Repeat the listing below line by line, exactly, leaving its pictures behind.

RECORDED DATA —
__________________________________________________

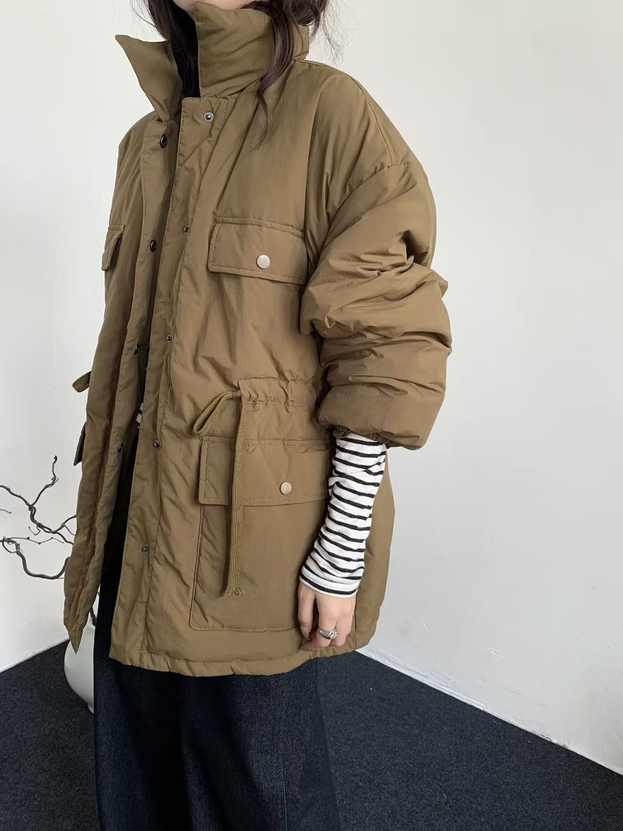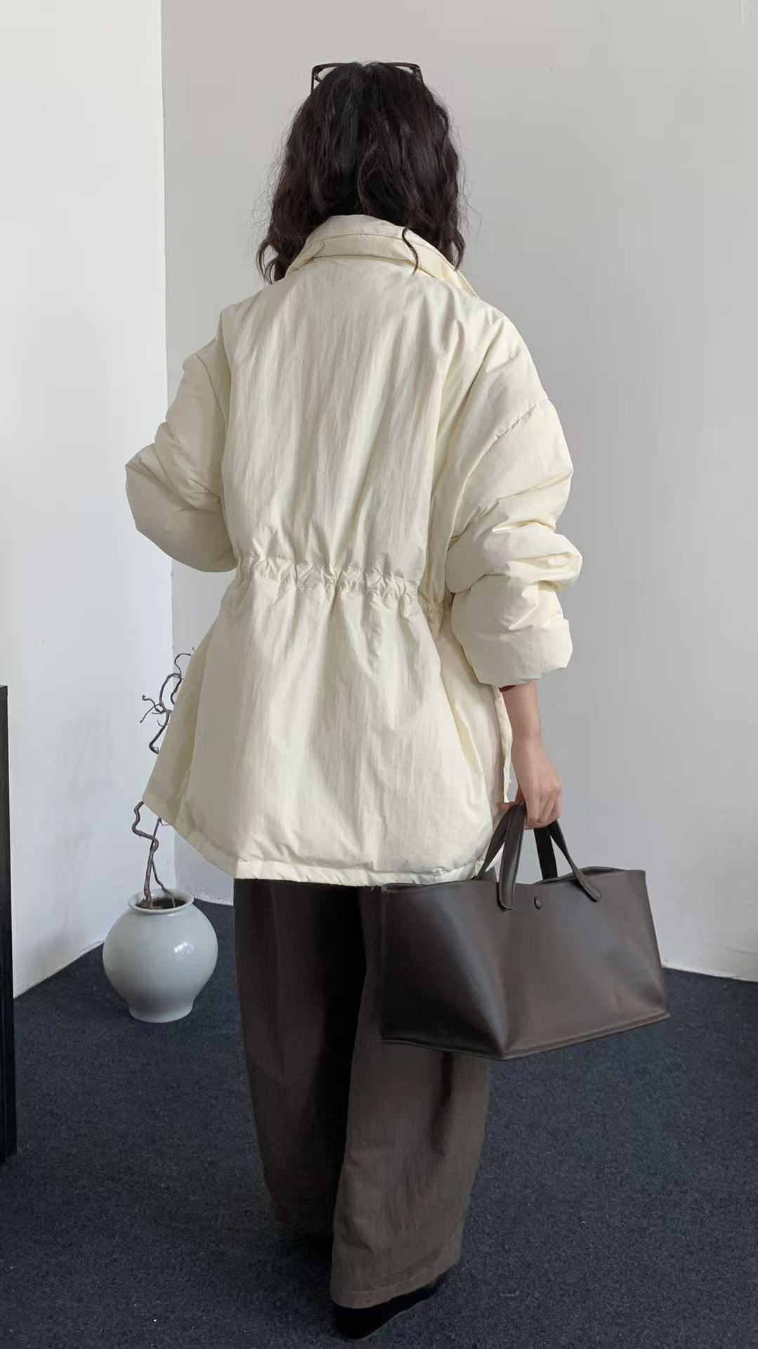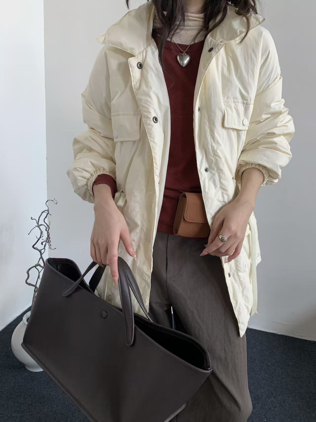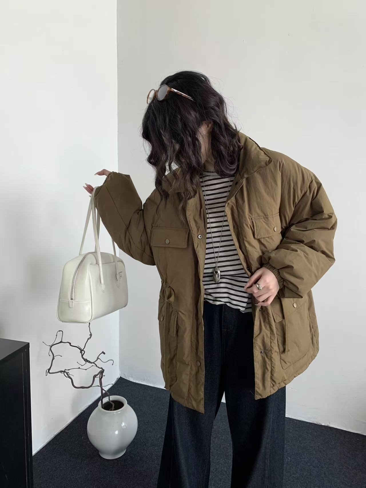 商品名称:韩系东大门中长款90鹅绒服女宽松收腰简约羽绒服冬季新款轻薄外套
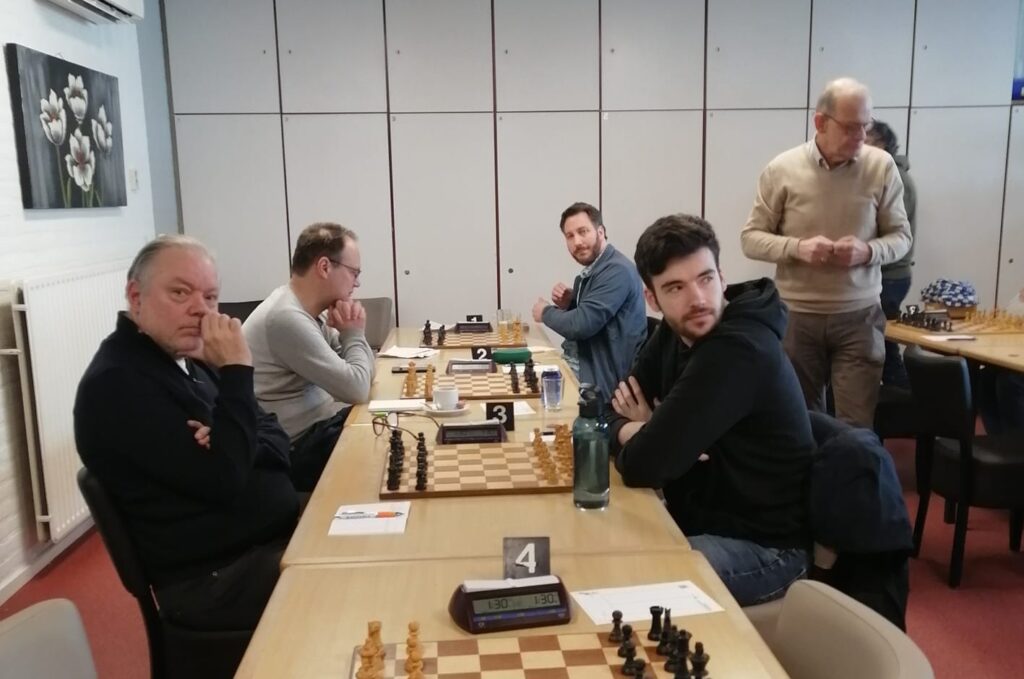 Tijdens het eten komen de uitslagen binnen en wat blijkt… We staan eerste met 7 matchpunten en 19.5 bordpunten uit 4 wedstrijden. De volgende ronde spelen we thuis een derby tegen het sterke ‘t Pionneke. Komt dat zien!
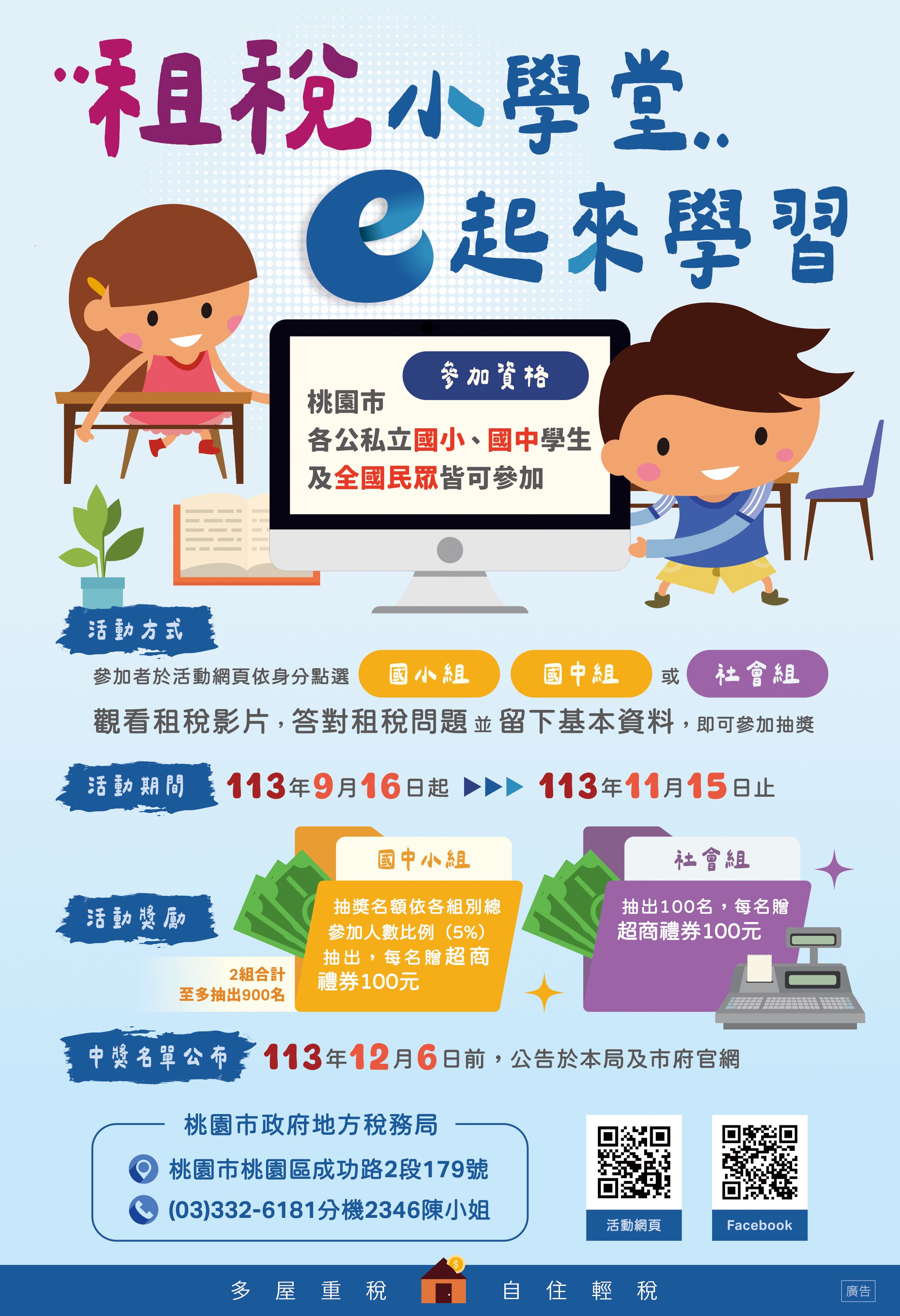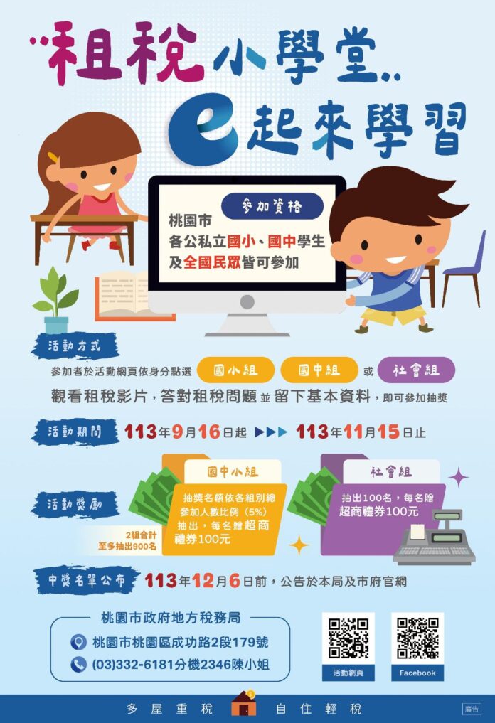 桃園市政府地方稅務局為加深學生及民眾租稅常識,將舉辦「租稅小學堂.E起來學習」看影片學租稅網路抽獎活動,活動期間自113年9月16日起至113年11月15日止,歡迎大家踴躍參加,一起成為租稅達人!
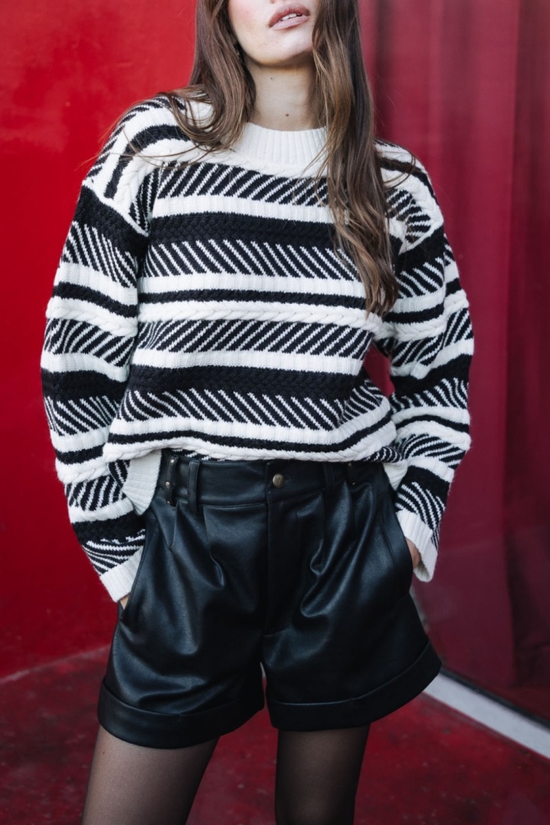 Pull en laine câble à manches longues dans une maille bicolore douce et chaleureuse.

__________________________________________________

REPLY —
 商品名称:韩系东大门中长款90鹅绒服女宽松收腰简约羽绒服冬季新款轻薄外套
 Tijdens het eten komen de uitslagen binnen en wat blijkt… We staan eerste met 7 matchpunten en 19.5 bordpunten uit 4 wedstrijden. De volgende ronde spelen we thuis een derby tegen het sterke ‘t Pionneke. Komt dat zien!
 桃園市政府地方稅務局為加深學生及民眾租稅常識,將舉辦「租稅小學堂.E起來學習」看影片學租稅網路抽獎活動,活動期間自113年9月16日起至113年11月15日止,歡迎大家踴躍參加,一起成為租稅達人!
 Pull en laine câble à manches longues dans une maille bicolore douce et chaleureuse.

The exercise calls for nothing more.